- [Goal of the exercise] Directions for the data below: repeat exactly the lines from the one with "Traditional English picnic" through the one with "- Fotografie č.5", both included, and omit all pictures.

- [Provided material]

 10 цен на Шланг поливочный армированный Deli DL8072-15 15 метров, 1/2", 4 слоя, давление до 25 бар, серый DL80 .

==

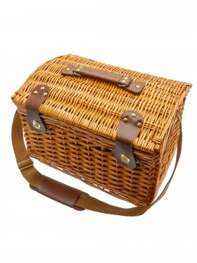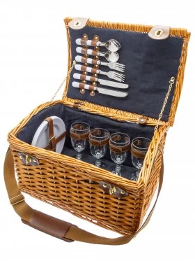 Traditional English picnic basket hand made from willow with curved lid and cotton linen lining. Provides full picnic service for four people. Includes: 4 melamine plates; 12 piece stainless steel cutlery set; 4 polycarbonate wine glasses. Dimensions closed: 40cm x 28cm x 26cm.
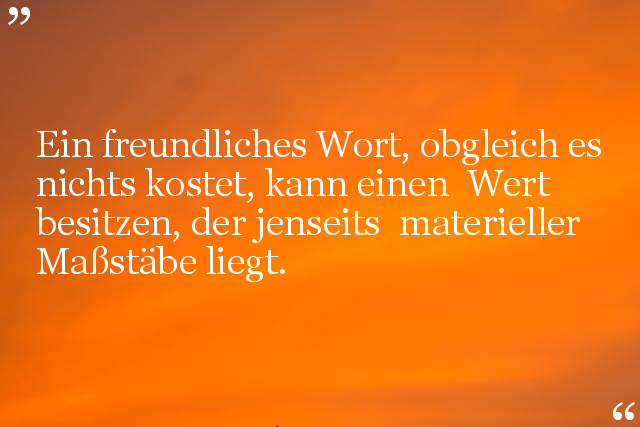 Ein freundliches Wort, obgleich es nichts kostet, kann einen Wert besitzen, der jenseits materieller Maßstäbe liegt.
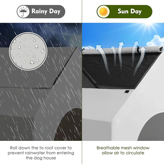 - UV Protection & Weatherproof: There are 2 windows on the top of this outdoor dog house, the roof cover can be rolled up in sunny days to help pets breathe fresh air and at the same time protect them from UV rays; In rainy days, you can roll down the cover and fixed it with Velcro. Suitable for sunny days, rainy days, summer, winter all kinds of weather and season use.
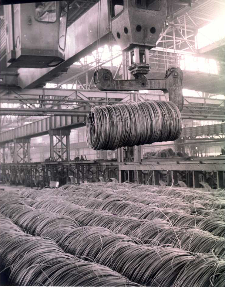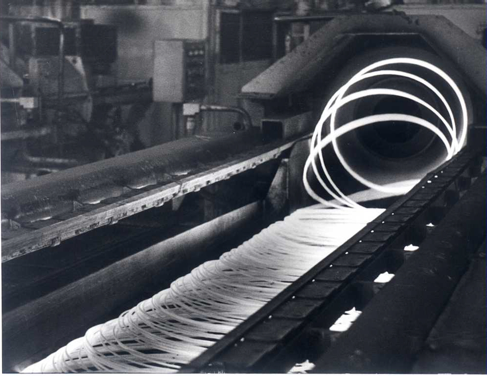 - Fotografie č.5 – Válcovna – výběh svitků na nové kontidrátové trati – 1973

--

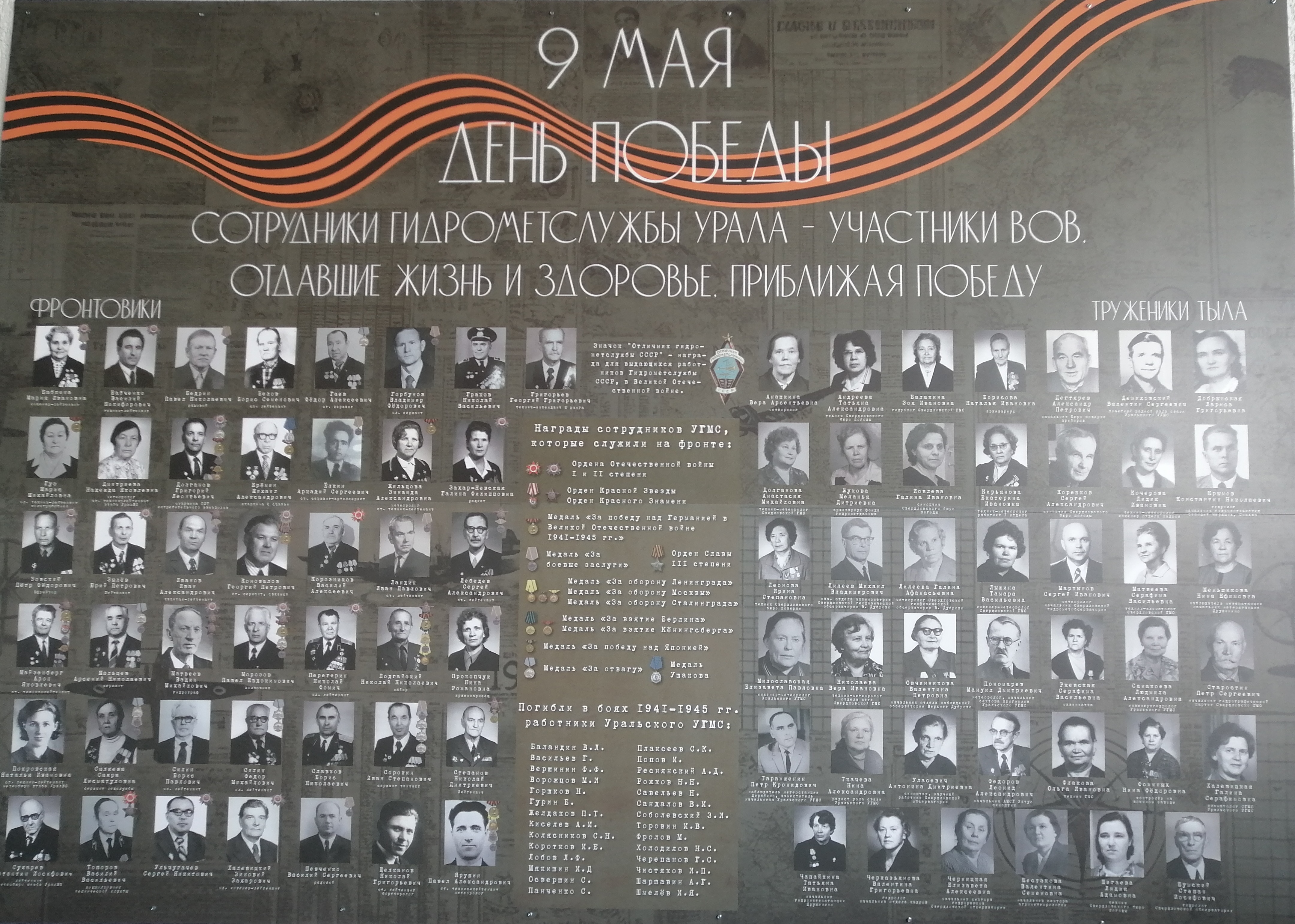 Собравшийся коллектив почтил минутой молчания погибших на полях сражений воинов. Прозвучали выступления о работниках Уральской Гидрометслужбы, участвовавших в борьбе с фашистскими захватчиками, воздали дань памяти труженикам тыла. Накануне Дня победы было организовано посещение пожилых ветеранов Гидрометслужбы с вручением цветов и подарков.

- [Exercise output]
 Traditional English picnic basket hand made from willow with curved lid and cotton linen lining. Provides full picnic service for four people. Includes: 4 melamine plates; 12 piece stainless steel cutlery set; 4 polycarbonate wine glasses. Dimensions closed: 40cm x 28cm x 26cm.
 Ein freundliches Wort, obgleich es nichts kostet, kann einen Wert besitzen, der jenseits materieller Maßstäbe liegt.
 - UV Protection & Weatherproof: There are 2 windows on the top of this outdoor dog house, the roof cover can be rolled up in sunny days to help pets breathe fresh air and at the same time protect them from UV rays; In rainy days, you can roll down the cover and fixed it with Velcro. Suitable for sunny days, rainy days, summer, winter all kinds of weather and season use.
 - Fotografie č.5 – Válcovna – výběh svitků na nové kontidrátové trati – 1973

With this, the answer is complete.